Forex Update

Treasury Bond Daily Commentary for 3.13.09

The 30 Year T-Bond futures experienced profit taking on Thursday, ducking back below our 2nd tier downtrend line as U. S. equities flourished. Despite the decline, the 30 Year futures remain above our uptrend line, and will likely wait to make a serious directional decision when our 2nd tier downtrend and uptrend lines reach their upcoming inflection point. Meanwhile, the futures remain wedged between the trading zone built since February.

However, once the 30 Year futures do make a directional decision, expect large and sudden movements. China is filling the news wire expressing concern over the safety of U. S. Treasuries.

Gold Daily Commentary for 3.13.09

Gold leveled off on Thursday as surging U. S. equities tempered the recent bull-run in the precious metal. While Gold sits above our 1st and 2nd tier uptrend lines, the 3rd is still an arm's length away. Gold seems to be at a critical point concerning its near-term trend.

If the precious metal can't fight above March highs, then Gold could very easily dip back into its downtrend while equities continue their impressive rally. On the flip-side, if the precious metal can climb above March highs, we expect large near-term gains and a continuation of the up-trend. Gold has the psychological $900/oz level to defend itself from any exacerbated sell-offs for the time being.

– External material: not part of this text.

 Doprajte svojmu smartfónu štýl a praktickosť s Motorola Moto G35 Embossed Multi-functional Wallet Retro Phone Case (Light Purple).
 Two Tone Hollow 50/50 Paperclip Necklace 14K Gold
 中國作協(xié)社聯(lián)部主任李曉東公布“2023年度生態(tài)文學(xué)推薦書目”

USD/JPY Daily Commentary for 3.12.09

The USD/JPY is recovering from earlier losses, rallying from our 1st tier downtrend line.  Though Japan’s Final GDP showed a decline of 3.2%, the number was still better than analyst expectations of a 3.5% decline.

The correlation between the S&P futures and the USD/JPY is all over the place these days as investors contemplate whether to rally the currency pair to the psychological 100 level.  If investors continue to favor the U.S. economy over Japan’s and U.S. equities piece together another rally, we could see new March highs. 

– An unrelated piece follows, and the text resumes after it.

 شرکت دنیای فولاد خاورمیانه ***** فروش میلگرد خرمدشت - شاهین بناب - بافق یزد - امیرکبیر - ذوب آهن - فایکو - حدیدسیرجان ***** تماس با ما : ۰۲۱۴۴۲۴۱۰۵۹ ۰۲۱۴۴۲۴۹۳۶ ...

GBP/USD Daily Commentary for 3.12.09

The Cable tried to rally from our previous bottom-end support of 1.3683 yesterday, yet failed to close above March 10 lows on the 4 hour. The GBP/USD is heading south Thursday in reaction to alarming industrial production data from Germany and China coupled with a disappointing unemployment claims number from the U. S.

The global economy is still weakening and the optimism from Citi is hardly reflected anywhere else in the market. Britain is already in a tight spot economically having to nationalize Lloyd's Bank and rely upon quantitative.

EUR/USD Daily Commentary for 3.12.09

The rally in the EUR/USD stalled at our previous top-end resistance of 1.2868, and is proving indecisive in reaction to more negative data from Germany. The economic data released from Germany this week is jaw-dropping. Today Germany reported a 7.5% decline in Industrial Production, eclipsing analyst expectations of a 3.3% decline.

We can't forget Germany's terrible Factory Orders report in addition to PPI showing deflation. In other words, Germany's economic environment has taken a sudden turn for the worst, and the ECB is likely taking notice.

Crude Daily Commentary for 3.12.09

Crude futures sold off sharply on Wednesday in reaction to higher than expected weekly inventories. Yesterday's report broke the three week streak of inventories coming in lower than analyst expectations.

OPEC will certainly take the rising inventories into consideration when the oil producing countries meet on March 15th. Further hampering the price of crude is news that production is declining at a rapid pace in manufacturing powerhouses such as Germany, Japan, and China.